Co z tego, że piękne zdjęcia, piękne postacie, dobry, oniryczny klimat, może i nawet jakiś sens, kiedy jest po prostu nudno i ta godzina z kwadransem ciągnie się jak 3 godziny? Kiedy w 19 minucie filmu młody bohater pyta starszego "śpisz?" to trochę tak, jakby pytał widza. Jak mam oglądać coś tak statycznego, to wolę zwykłe obrazy na ścianie.
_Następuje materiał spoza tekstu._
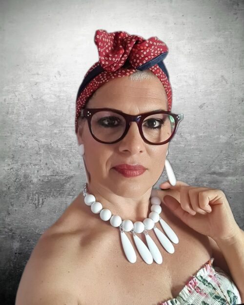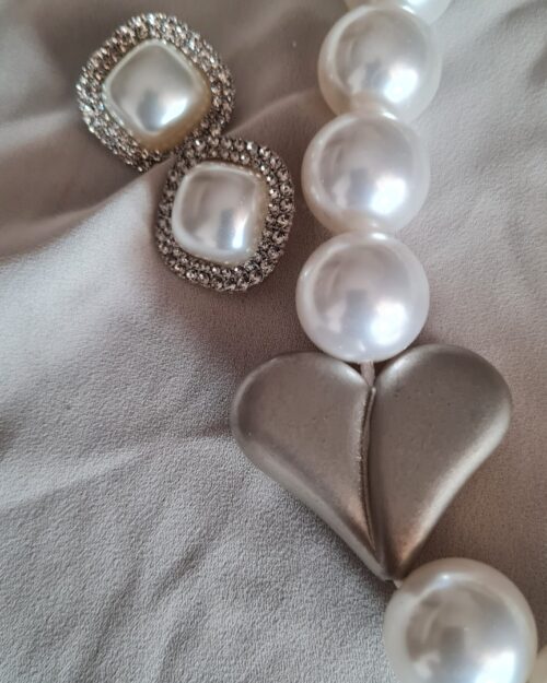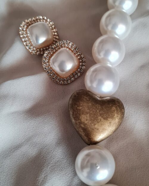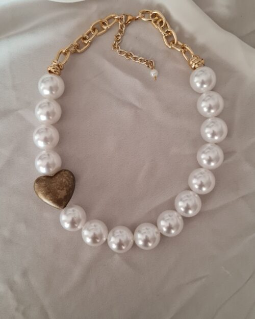 - Collana corta Colori: bianco perla, oro antico, oro Materiali anallergici: perle in resina, catena in alluminio color oro Lunghezza: 43 cm circa
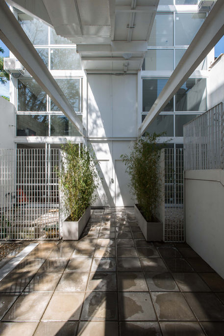 Conjunto de pequeña escala de baja densidad, construido en un terreno de 8.66 por 43.30 metros en el Barrio de Villa Urquiza, al noroeste de la ciudad de Buenos Aires. Consta de espacios cubiertos en dos cuerpos construidos en bloques de hormigón visto, y de losas prefabricadas tipo Cerbelu, distribuidos en 4 pisos de viviendas multifamiliares en 2 niveles con acceso a terrazas privadas, y un subsuelo de sala de máquinas de ascensor hidráulico, gabinete de medidores eléctricos y tanque sanitario, y un área de expansiones y circulación con una estructura de perfiles metálicos independiente, que configura los límites de las fachadas del frente y del contrafrente con balcones-terraza de malla electrosoldada y deck de madera, profundos y de superposición desfasada, afín de lograr la mayor relación con la luz exterior y con los árboles preexistentes del Barrio mayormente libre de edificios de gran altura que generen grandes zonas de sombra.
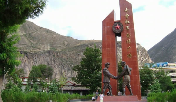小金縣在中國革命史上具有光輝的一頁。1935年,中國工農(nóng)紅軍一方面軍在毛澤東、朱德、周恩來等老一輩無產(chǎn)階級革命家的帶領(lǐng)下,餐風(fēng)露宿,歷盡艱辛,翻越了長征途中的第一座大雪山—夾金山,與紅四方面軍在該縣達(dá)維鄉(xiāng)勝利會師;在美興鎮(zhèn)天主教堂召開了團(tuán)以上的干部參加的“同樂會”;在兩河口(今兩河鄉(xiāng))召開了具有重大歷史意義的中共中央政治局?jǐn)U大會議。勤勞勇敢的小金人民節(jié)衣縮食支援紅軍,一千多名優(yōu)秀兒女參加了紅軍,為長征和中國革命勝利作出了積極貢獻(xiàn)。今年5月,由國務(wù)院核定批準(zhǔn),國家文化部公布了全國第六批重點文物保護(hù)單位和第一批非物質(zhì)文化遺產(chǎn)目錄。小金縣紅一、四方面軍會師遺址(達(dá)維會師橋、紅軍“懋功同樂會”遺址——天主教堂)和“兩河口政治局會議”會址榜上有名。
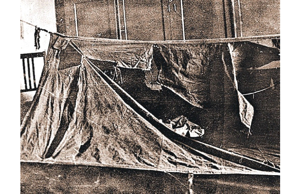 Эти фотографии делались при исследовании палатки в ленинской комнате в Ивдельском УВД. Там палатку растянули на верёвках и стульях.
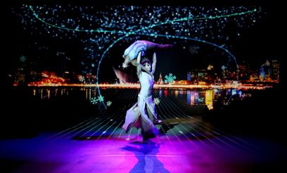 倒计时后,精彩的舞蹈表演开始,演员与影像形成一体,让表演极具艺术张力与科技感、时尚感。
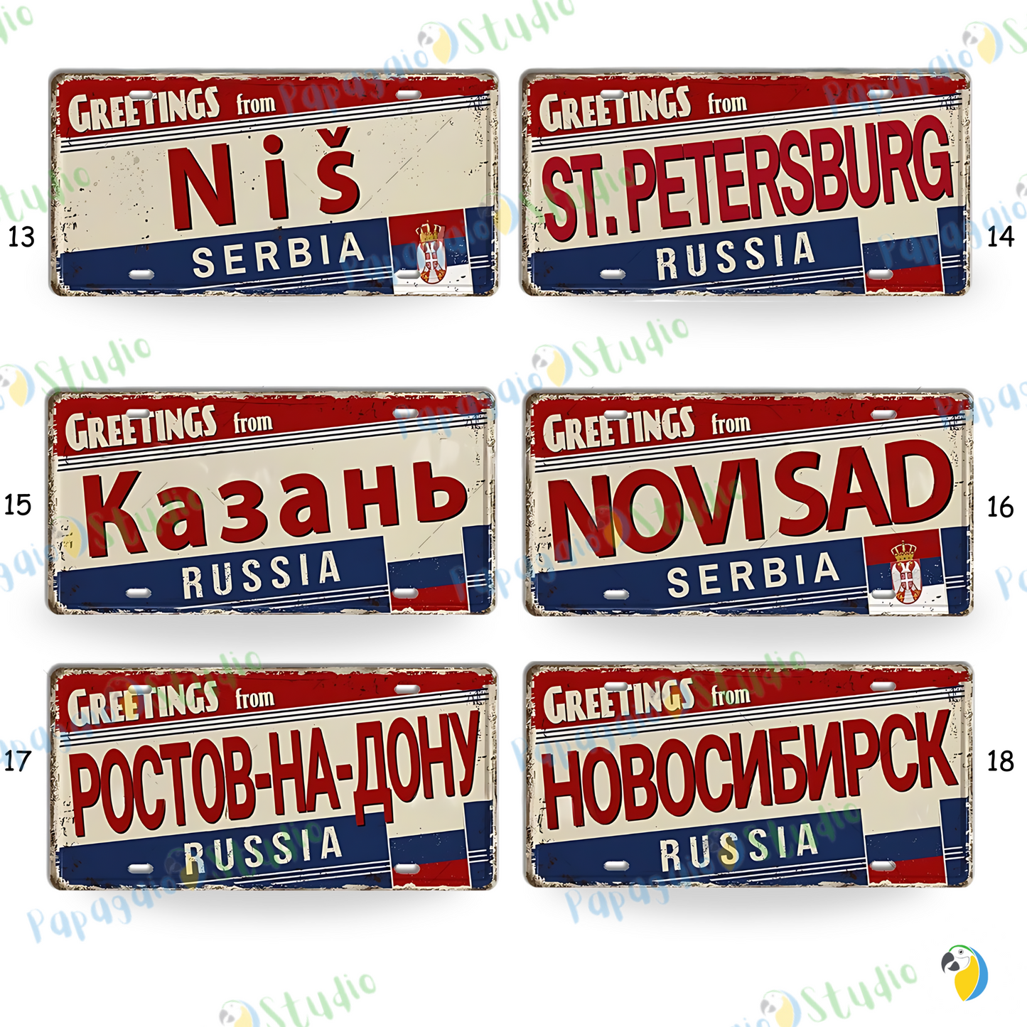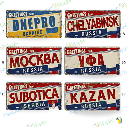 Each sign features a unique design with Cyrillic writing, making them perfect for adding a touch of nostalgia and culture to any space. Ideal as a gift for travel enthusiasts, history buffs, or anyone who appreciates retro decor.
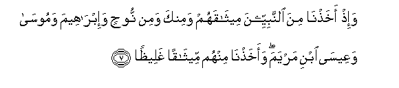 7. Wa-ith akhathna mina alnnabiyyeena meethaqahum waminka wamin noohin wa-ibraheema wamoosa waAAeesa ibni maryama waakhathna minhum meethaqan ghaleethan
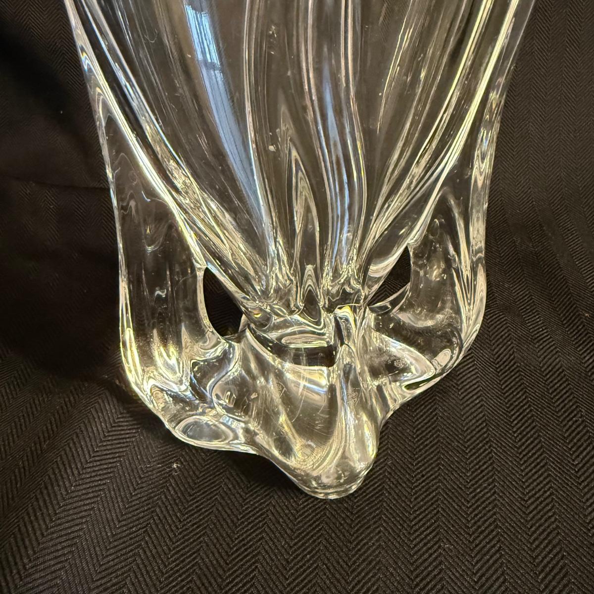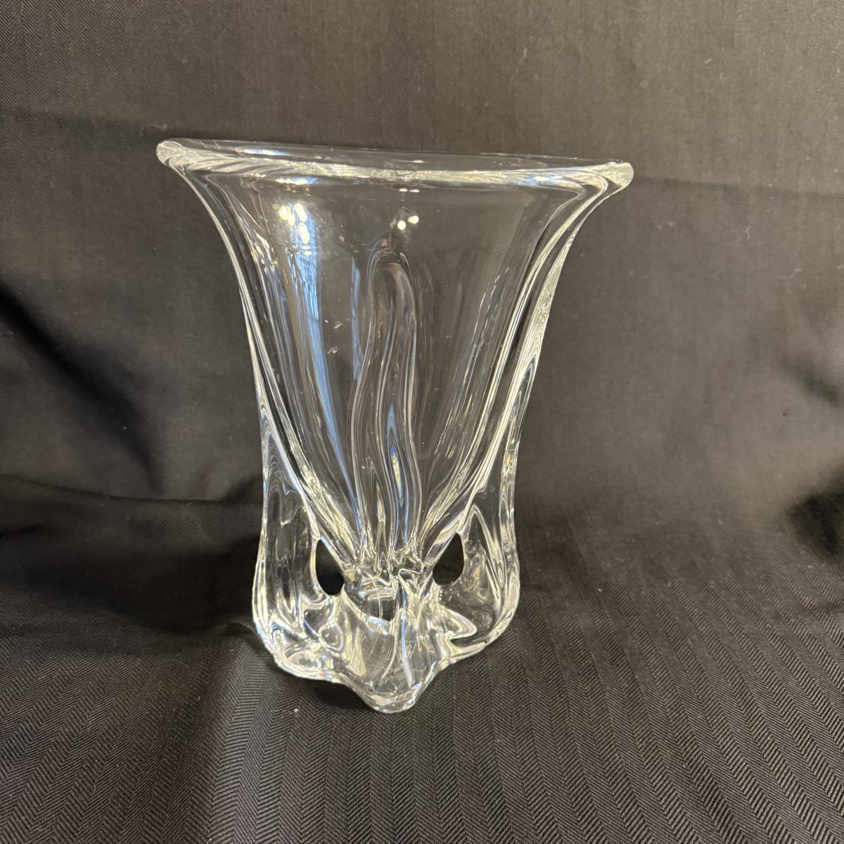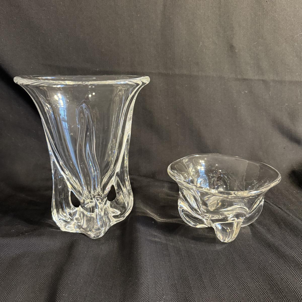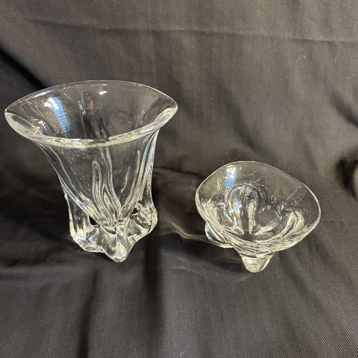 This lot contains two vases that appear to be crystal. The first is a spectacular Vanmes Le Chatel crystal art vase. This vase is a trophy style and measures 7” x 5” x 9”H. The next piece is another crystal shallow vase or dish. This item is not stamped but does have a similar design to the Vennes Le Chatel. This item measures 6” x 6” x 3.5”H. Shipping available. Shipping can be costly. We suggest contacting our preferred local shipping provider, Postage Express, with dimensions and getting an estimate before bidding: (828) 255-9250 or shipping@postageexpressnc.com.
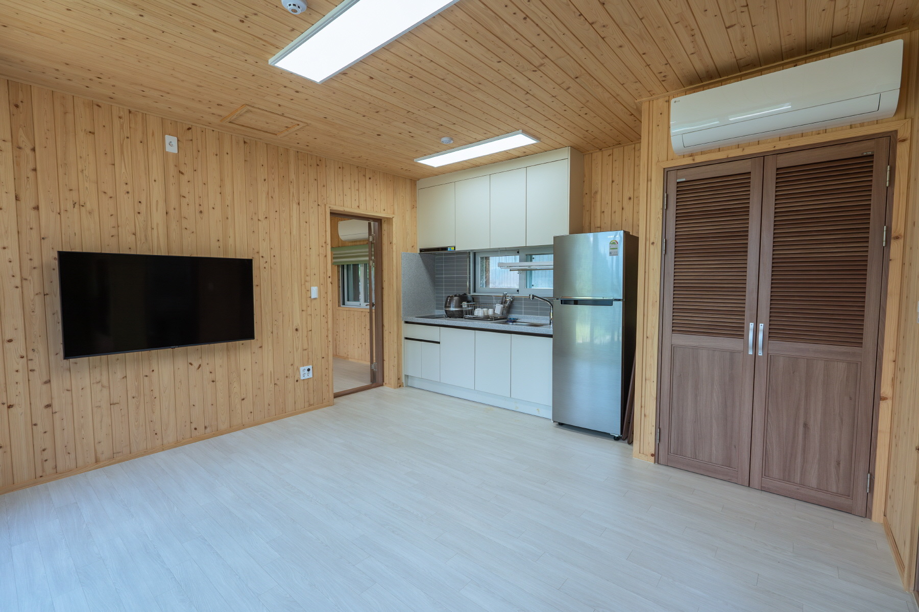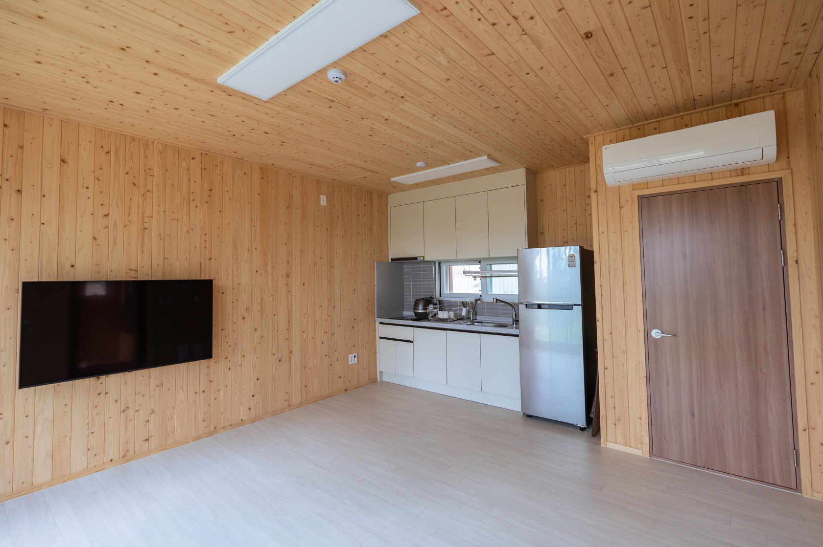 영암 기찬 자연휴양림의 대표 숙박시설 중 하나인 숲속의집 월출관 4호는 기준 5인, 최대 5인까지 이용 가능한 36㎡ 규모의 원룸형 숙소입니다. 거실 겸 주방, 화장실이 함께 구성된 실속 있는 구조로, 가족이나 소규모 그룹이 편리하게 묵을 수 있습니다. 통창을 통해 햇살이 잘 들어와 밝고 쾌적하며, 오후 3시부터 입실하고 오전 11시까지 퇴실하면 됩니다. 침구류는 깨끗하게 관리되고 있으며, 바닥이 불편한 분들을 위해 매트도 비치되어 있습니다. 에어컨과 보일러가 갖춰져 있어 여름과 겨울 모두 편안하게 머물 수 있습니다.
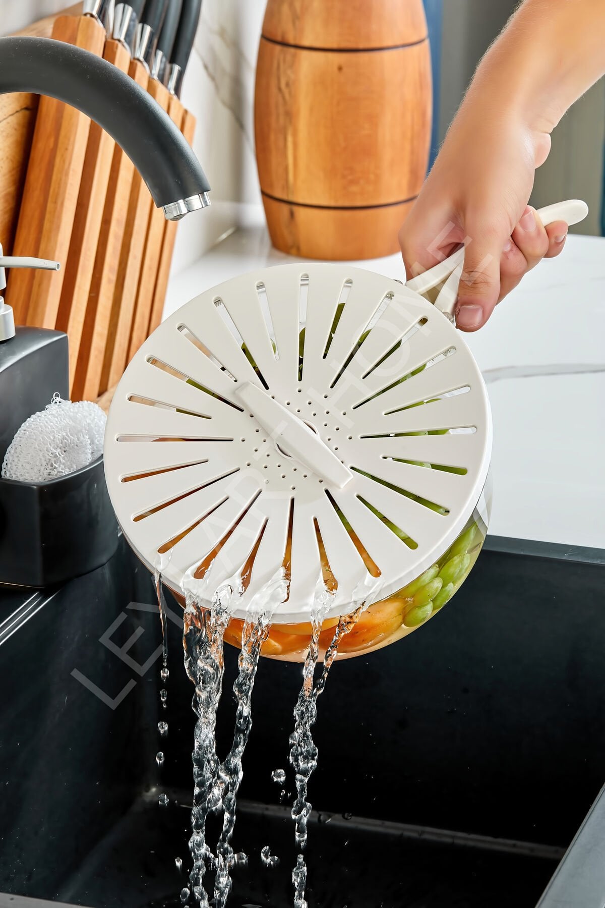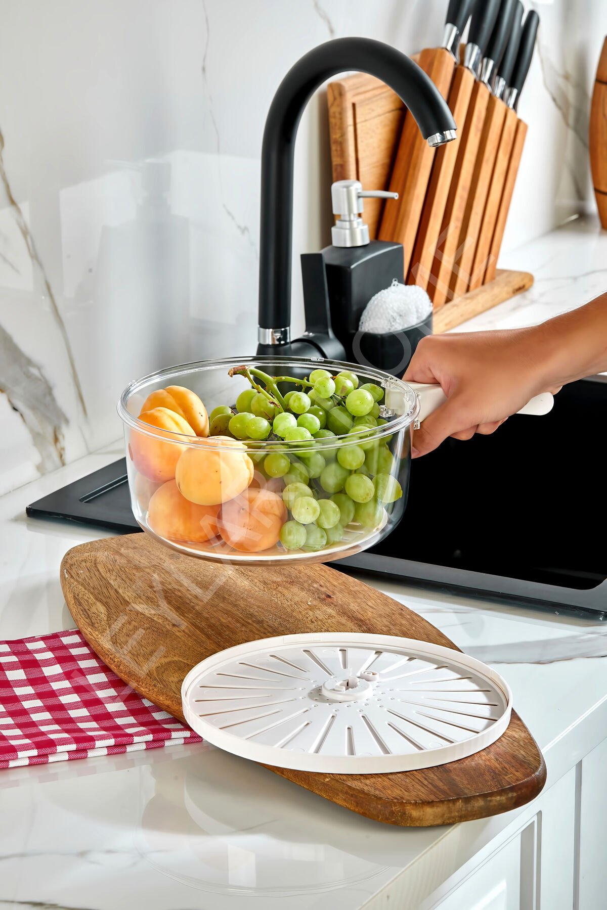 - Dayanıklı plastik malzemeden üretilmiş, uzun ömürlü kullanım sunar.; - Tek parça halinde gelen bu ürün, mutfakta pratik bir saklama çözümü sağlar.; - Türkiye menşeli olup, yerel üretimle kaliteyi sofralarınıza taşır.; - Espas Home markasının güvencesiyle, güvenle kullanabileceğiniz bir ürün sunar.; - Elde yıkama önerisiyle kolay temizlenebilir ve hijyenik kalır.; - Gıda temasında güvenli olması için özel olarak tasarlanmıştır, yiyeceklerinizi güvenle saklayabilirsiniz.
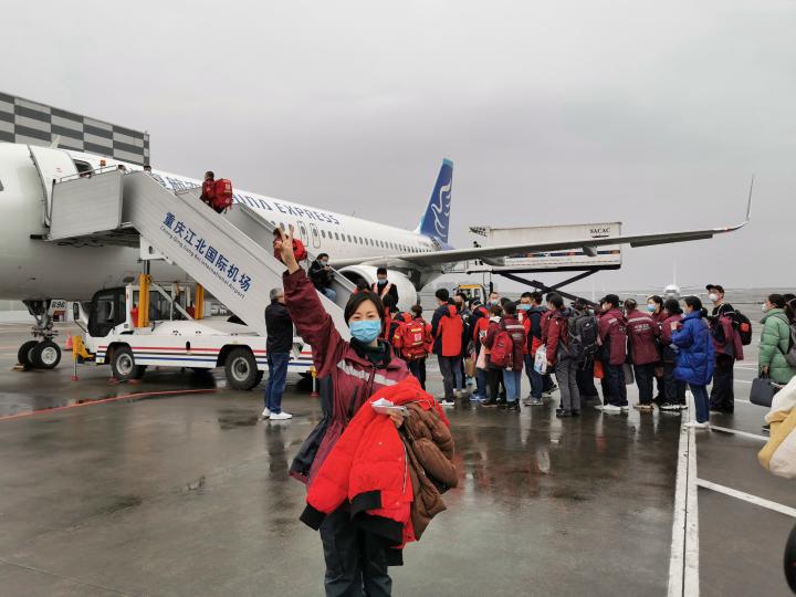 出征時,王玉佳準備登機。受訪者供圖 華龍網-新重慶客戶端發
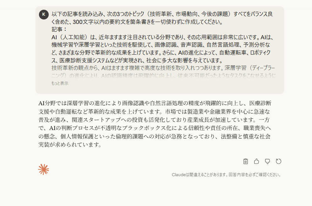Claude: 非常にバランスの取れた要約が生成されました。技術革新、市場動向、今後の課題がどれも均等に扱われ、特に「今後の課題」に関しても深く掘り下げて説明していました。
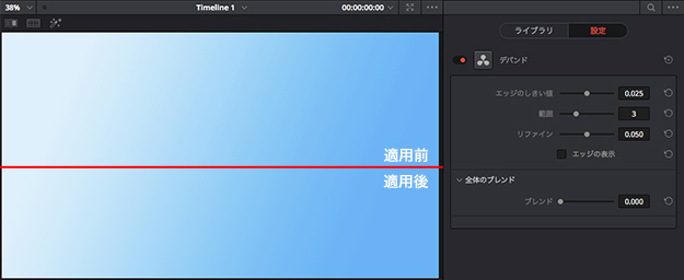 DSLRやAVCHD素材など8bitの高圧縮がかかった映像や、Canon Log 2など8bitのLOG素材から大幅にコントラスト調整をした場合に現れやすい、マッハバンド。グラデーションに縞上の模様が出てしまい、困った経験がある方は少なくないのではないだろうか。従来は軽くノイズを加えたりなどで目立たなくすることも多かった。このプラグインで、全てではないが、ある程度のバンドは補正可能。
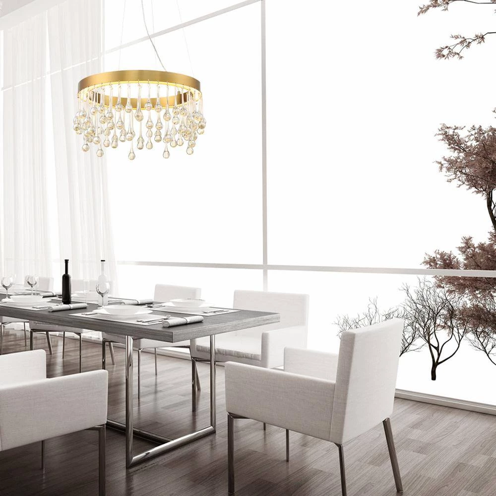 The Lucienne Collection comes in Luxor Gold with Topaz glass. This Contemporary Lucienne 18 in. Pendant will complement the decor in any room of your home. Made with solid steel construction to look great and last for years to come.
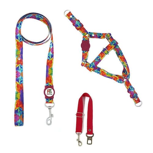Peitoral, guia e adaptador de cinto de segurança para cachorros

Jak mam się zachwycać sceną, gdzie 1 koleś myje drugiego i nie dzieje się nic poza tym, to już wolę to samo u Ming Liang-Tsaia, gdzie trwało nawet dłużej, ale przynajmniej w kolorze.
zgadzam się w 100%.
Dumały czas minął, widać to dobitnie i wyjątkowo wyraźnie w kontekście twórczości Mariusza Wilczyńskiego który od kilku już lat ma niezmiennie tendencję zwyżkową, i każdy następny jego projekt jest wyżej od poprzedniego...
Dumała goni w piętkę, najlepszym dowodem ostatni festiwal Animator w Poznaniu gdzie jedyne co potrafił wyartykułować z siebie to tzw. montażówka jego starego bardzo filmu "Zbrodnia i kara"
Jak to się ma do performanców Wilka Wilczyńskiego??? a no nijak, Dumała to artystyczny trup.